CyLinter is a human-in-the-loop interactive quality control software for identifying and removing cells corrupted by microscopy artifacts in multiplexed tissue images. The program takes single-cell feature tables generated by the MCMICRO image processing pipeline as input and returns a set of de-noised feature tables for use in downstream analyses.
Screenshots depicting different phases of the CyLinter workflow.
SCIMAP is a scalable toolkit for analyzing spatial molecular data. SCIMAP takes in spatial data mapped to X-Y coordinates and supports preprocessing, phenotyping, visualization, clustering, spatial analysis, and differential spatial testing (Nirmal et al., 2022).
An overview of the SCIMAP toolkit.
Minerva is a suite of software tools that enables interactive viewing and sharing of large image data (Rashid et al., 2021; Hoffer et al., 2020).

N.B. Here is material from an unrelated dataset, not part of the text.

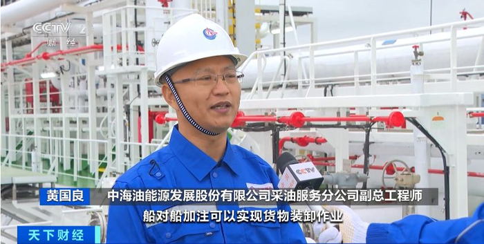 中海油能源发展股份有限公司采油服务分公司副总工程师 黄国良:船对船加注可以实现货物装卸作业和燃料加注作业同步进行,这样可以缩短船舶靠港时间,大大提升了港口服务能力和竞争力。“海洋石油302”船采用了可倒桅的设计,能够安全通过长江大桥,具备通航长江中下游的能力。同时该船具备B级冰区加强,可在漂流浮冰海域航行作业,服务范围非常广泛。

Currently, we have released Minerva Author, a tool that lets you easily create and annotate images, and Minerva Story, a narrative image viewer for web hosting. Additional tools are in active development - go to the Minerva wiki for the most up-to-date information about the Minerva suite.
A screenshot from a Minerva story on primary lung cancer - view the story here.
Walk through the process of turning image tiles into single-cell segmented mosaic image:
MCMICRO Pipeline Visual Guide
**Missing something?? – Suggest a module for us to develop in the future!**
We release The Exemplar Microscopy Images of Tissues dataset (EMIT) to enable the development additional modules for MCMICRO. Presently, the dataset consists of one TMA and one set of whole-slide images, acquired using multiple imaging platforms. The dataset provides real-world scenarios for testing of image processing methods, and we expect to expand the dataset with additional images in the future.
MCMICRO is designed to solve the problem of processing high volumes of tissue image data and yield reliable image mosaics and single cell data. It does not, however, solve all problems associated with the analysis and publication of images. We strongly recommend that laboratories also adopt the database and visualization tools provided by the OME community. The OME community is welcoming and has many online resources that discuss the topics described above; OME sponsors multiple workshops and conferences of interest to new and experienced microscopists.
In our laboratories, we use MCMICRO, OME/OMERO and MINERVA in parallel.